Using Lopinavir Concentrations in Hair Samples to Assess Treatment Outcomes on Second-Line Regimens Among Asian Children

Wasana Prasitsuebsai 1, Stephen J Kerr 1, Khanh Huu Truong 2, Jintanat Ananworanich 3, Viet Chau Do 4, Lam Van Nguyen 5, Nia Kurniati 6, Pope Kosalaraksa 7, Tavitiya Sudjaritruk 8, Kulkanya Chokephaibulkit 9, Narukjaporn Thammajaruk 1, Thida Singtoroj 10, Sirinya Teeraananchai 1, Howard Horng 11, Peter Bacchetti 12, Monica Gandhi 13, Annette H Sohn 10,
PMCID: PMC4576945  PMID: 26200586

Abstract

We conducted a prospective monitoring study to determine whether antiretroviral (ARV) levels in hair of Asian children on second-line protease inhibitor-based ARV therapy (ART) are associated with virologic failure (VF), compared to plasma drug levels and self-reported adherence. HIV-infected Asian children on second-line ART regimens were enrolled into a longitudinal cohort. Traditional adherence measures, plasma, and hair samples were collected 24 weeks after study enrollment. Hair ARV levels were determined via liquid chromatography/tandem mass spectrometry. Among 149 children on lopinavir/ritonavir-based regimens, 47% were female; the median [interquartile range (IQR)] age was 10.3 (7.9–13.3) years. The median CD4% was 26% (IQR 21.7–32.1%) and the median CD4 cell count 754 (IQR 596–1,013) cells/mm3. The median duration of lopinavir-based ART prior to week 24 of the study was 2.9 (IQR 1.6–4.2) years. Adherence was >95% in 91% (135/148) by visual analogue scale and 89% (129/145) by pill count. The median lopinavir hair concentrations were 5.43 (IQR 3.21–9.01) ng/mg in children with HIV RNA >1,000 copies/ml and 9.96 (IQR 6.51–12.31) ng/mg in children with HIV RNA <1,000 copies/ml (p = 0.003). Plasma trough and lopinavir hair concentrations were not statistically significantly correlated (Pearson's correlation coefficient 0.20; p = 0.13). Increasing lopinavir hair concentrations in quartiles were strongly associated with virologic success (odds ratios ≥4.0, overall p = 0.02), while self-reported adherence, pill count, and plasma lopinavir levels were not.

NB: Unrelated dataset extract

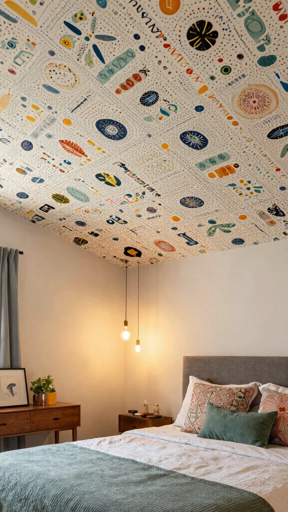 Don’t forget about your ceiling! Decorating this often-overlooked space can add unexpected charm and whimsy to your bedroom. Consider painting the ceiling a fun color, adding wallpaper, or using decals to create a playful touch that draws the eye upward.

Based on this first report of hair ARV concentrations and virologic outcomes in children, ARV hair concentrations, representing longer-term adherence, may be useful to identify children at risk for VF.

Introduction

First-line antiretroviral (ARV) therapy (ART) regimens currently used in HIV-infected children <15 years of age in resource-limited settings usually include a nonnucleoside reverse transcriptase inhibitor (NNRTI).1 In those who fail first-line drugs, protease inhibitors (PI) are recommended in second-line regimens.2 The limited global access to third-line ARVs makes preventing second-line failure an urgent priority.

Measuring and supporting adherence is critical in perinatally infected children who require virologic suppression over a lifetime. Self-report, pill counts, and therapeutic drug monitoring (TDM) using random or timed plasma levels have been used to assess adherence. However, these methods have well-known limitations,3 and all reflect short-term adherence; measures reflecting long-term exposure could be useful in children to complement existing approaches for monitoring treatment outcomes.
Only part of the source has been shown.